Although Bordeaux and the Loire Valley dominate my cellar just as these two regions feature most heavily (almost exclusively) in my writing, there is always room for other bottles. My buying from regions besides these two tends to be driven by my beliefs about food and wine matching. With slow-roasted shoulder of lamb, for example, for me nothing can top a mature Rioja, and so I occasionally buy a few bottles from my favourite bodegas, such as López de Heredia, Marqués de Murrieta and La Rioja Alta. With light lunches I really enjoy a Riesling from the likes of Joh. Jos. Prüm or Joh. Jos. Christoffel Erben, although I have such huge stocks from the 2001, 2005 and 2007 other vintages that I don’t feel the need to add any more to the cellar right now. I also buy, from time to time, styles that Bordeaux and the Loire Valley simply don’t provide; the best sparkling Vouvray and Crémant de Loire is, of course, superior to the vast majority of Champagne, so I rarely have need for expensive fizz, but no region in the world can provide us with what the Douro, Jerez and Madeira have to offer.

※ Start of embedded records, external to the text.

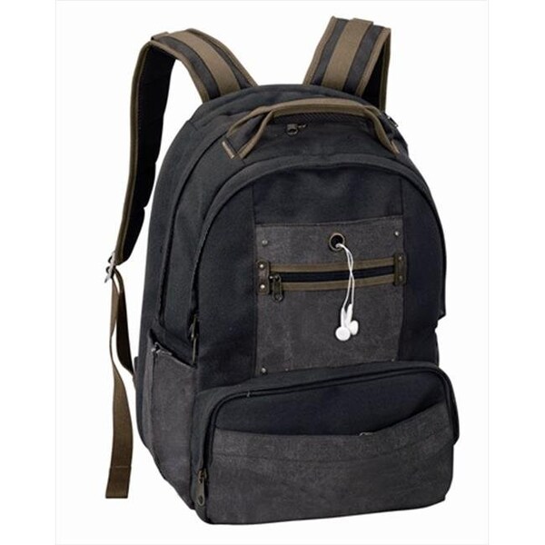 Carry the way to a greener planet on your back with this great pack. Constructed using environmentally friendly, 16 oz 100% cotton canvas and webbing, with 900D polyester. it's super-stylish and ultra-functional. The outside features an iPod pocket lined in corduroy with a port for headphones, dual side pockets for a water bottle and phone, a gusseted front zippered pocket with full organizer for business and personal accessories, and fully padded, zip-around back compartment for easy access to your laptop. The spacious main compartment is also padded for a laptop up to 17" and lined with super-soft corduroy for longer commutes and has dual open pockets for cables. The breathable, plush padded back and shoulder straps provide the utmost in comfort on the go.
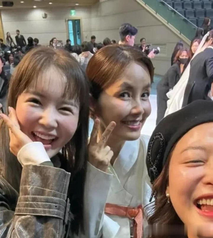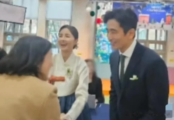 作为父母的申爱罗和车仁表盛装出席,车仁表一身藏蓝色西装,佩戴胸花和白手套,依然帅气。申爱罗身穿韩服,扎着低丸子头,笑意盈盈,看着特别和善。
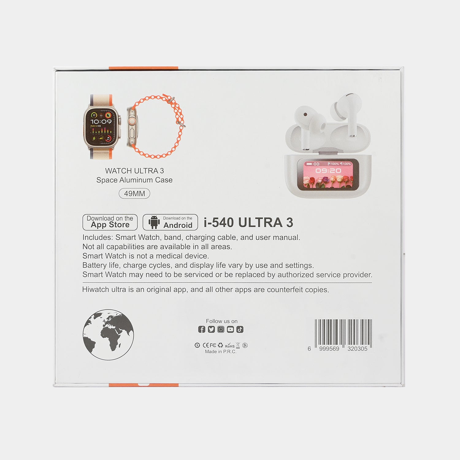 Experience smart connectivity and entertainment in one package with the i-540 Ultra 3 Smartwatch and Wireless Earphones Combo. This innovative 2-in-1 set combines a feature-rich smartwatch with high-quality wireless earbuds — perfect for fitness, music, and calls on the go.
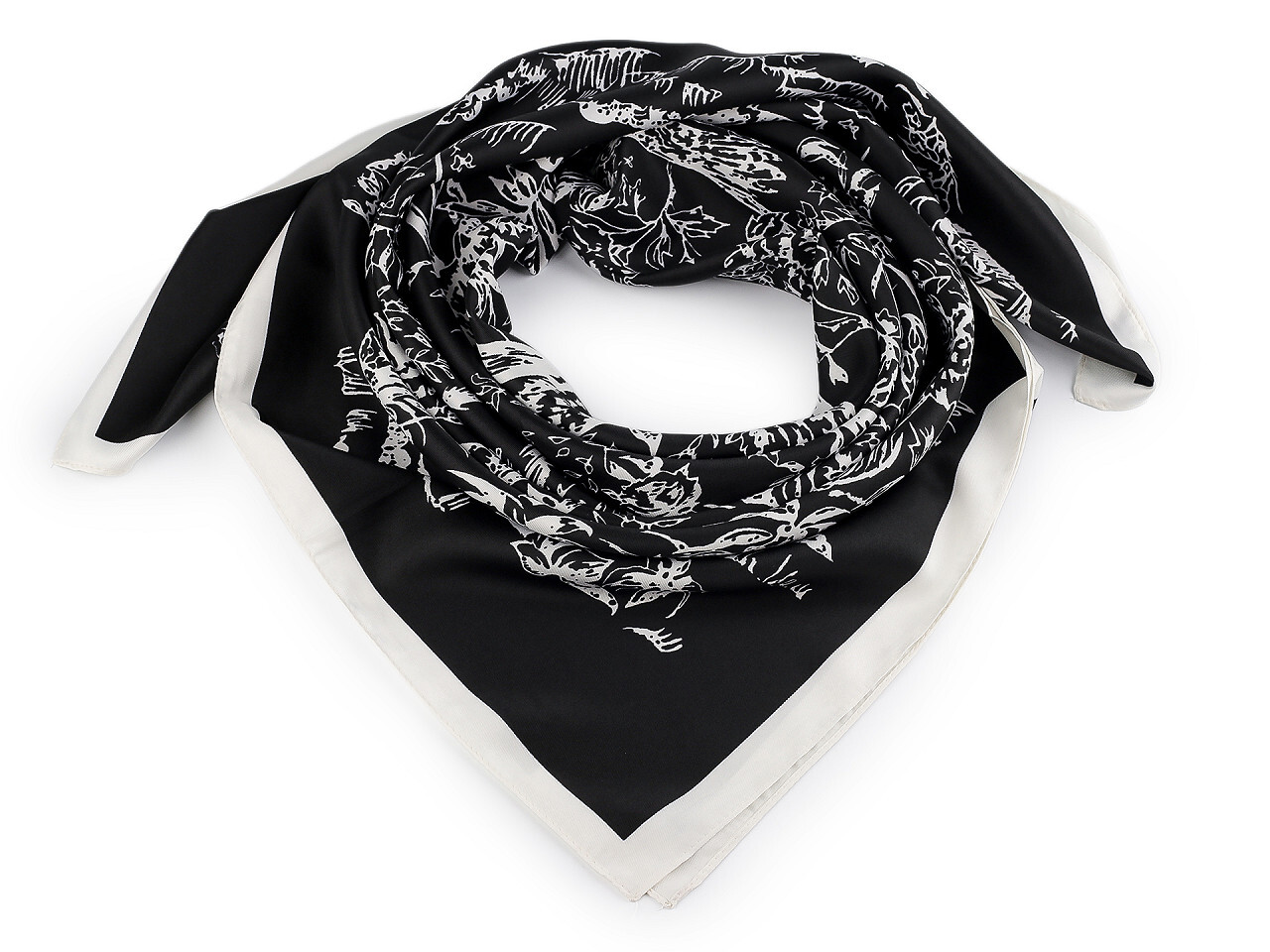 Saténový šátek 90x90 cm - 1 ks - 5 černá
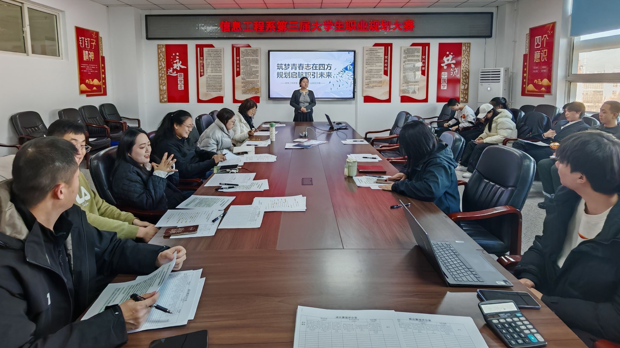为深入贯彻落实国家关于高校毕业生就业工作的决策部署,引导大学生科学规划职业生涯,将个人理想追求主动融入国家发展和时代洪流,实现以赛促学、以赛促就的目标,信息工程系于11月13日在综合实训楼502会议室成功举办了以“筑梦青春志在四方,规划启航职引未来”为主题的第三届大学生职业规划大赛。大赛由刘新老师主持,信息工程系党总支书记王喜华、全体辅导员及初赛入围选手参与。活动伊始,主持人刘新老师首先介绍了本次大赛的背景、...
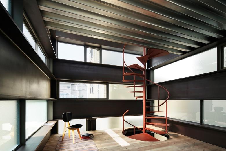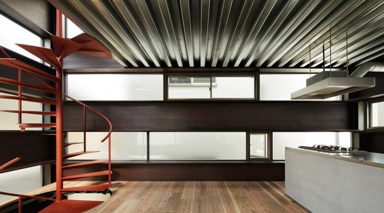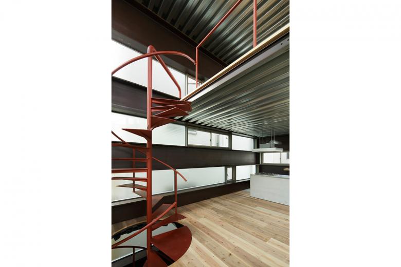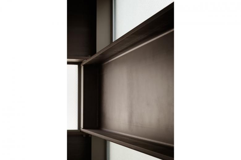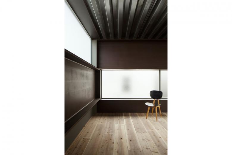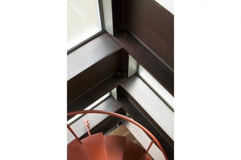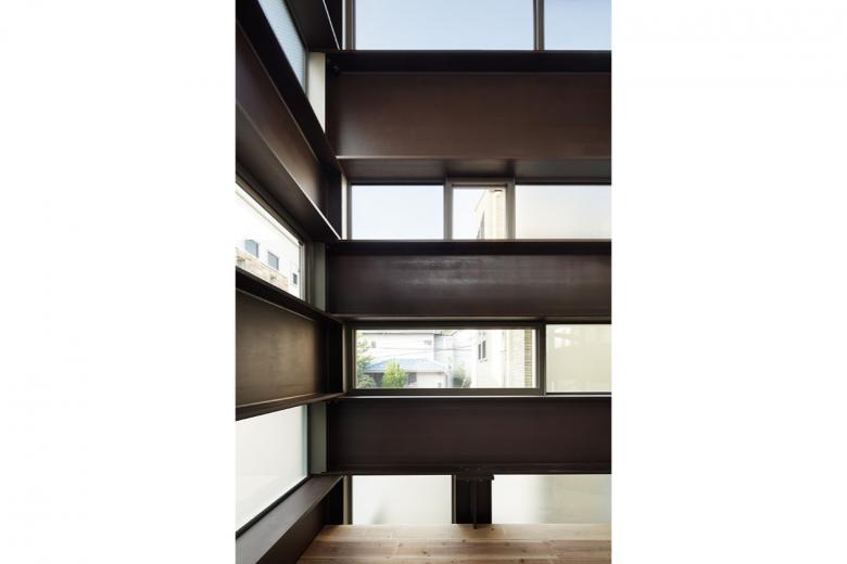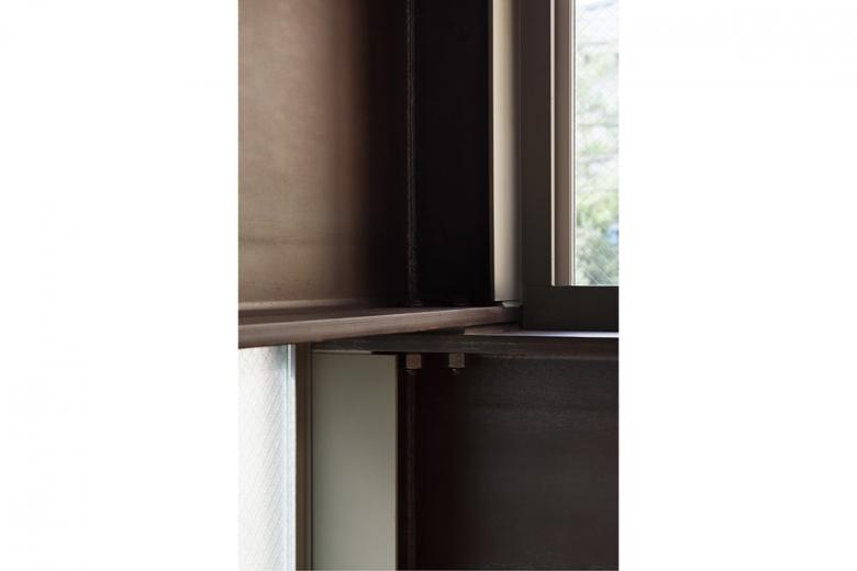 We chose this 'log house' style when it came for us to design a house for a couple on a site in a corner of very commonplace newly-developed housing lots in Metropolitan Tokyo. But here the log house is made of H-steel with a large section 700 x 350 x 16 x 25(mm) mostly used in construction of large scale buildings, in stead of round timber. H-steel's 'material properties' such as enormous weight and strength, mathematical regularity distinctive of roll-milled H-steel, and gentleness expressed in rounded corners, were assembled into a log house shape and intensified/amplified in an attempt to furnish a desirable 'locality' to a featureless,newly-developed residential area.

The point is, although about 80% of my cellar is Bordeaux and the Loire Valley, the other 20% is more diverse than you might think, albeit with an undeniable leaning towards the Old World. But with time these other bottles are drunk up, while my two favoured regions soldier on, partly because I started out with so many more bottles, partly because I am always on the look out for mature bottles from these regions. All in the name of research, I hope you understand. And so it should perhaps be no surprise to see that this tasting of wines at 25 years of age features almost exclusively the Loire Valley and Bordeaux, with a single German Riesling bringing up the rear.

The Loire Valley

Although this was a fine vintage along the length of the Loire Valley, from Muscadet up to Sancerre, the wines in my cellar are exclusively from the Vouvray appellation. The growing season was a very benevolent one, an early flowering meaning the vines were a full three weeks ahead as summer arrived, a summer which was warm and largely dry with only occasional light rainfall, consolidating this early advantage. In Vouvray picking began in late September and as the weather never broke it continued on at a leisurely pace into November. The dry conditions meant that there was not much botrytis, so the wines are largely made from passerillé fruit, giving them a great, minerally purity, and making for an obvious contrast with the vintage that followed, the botrytis-rich 1990.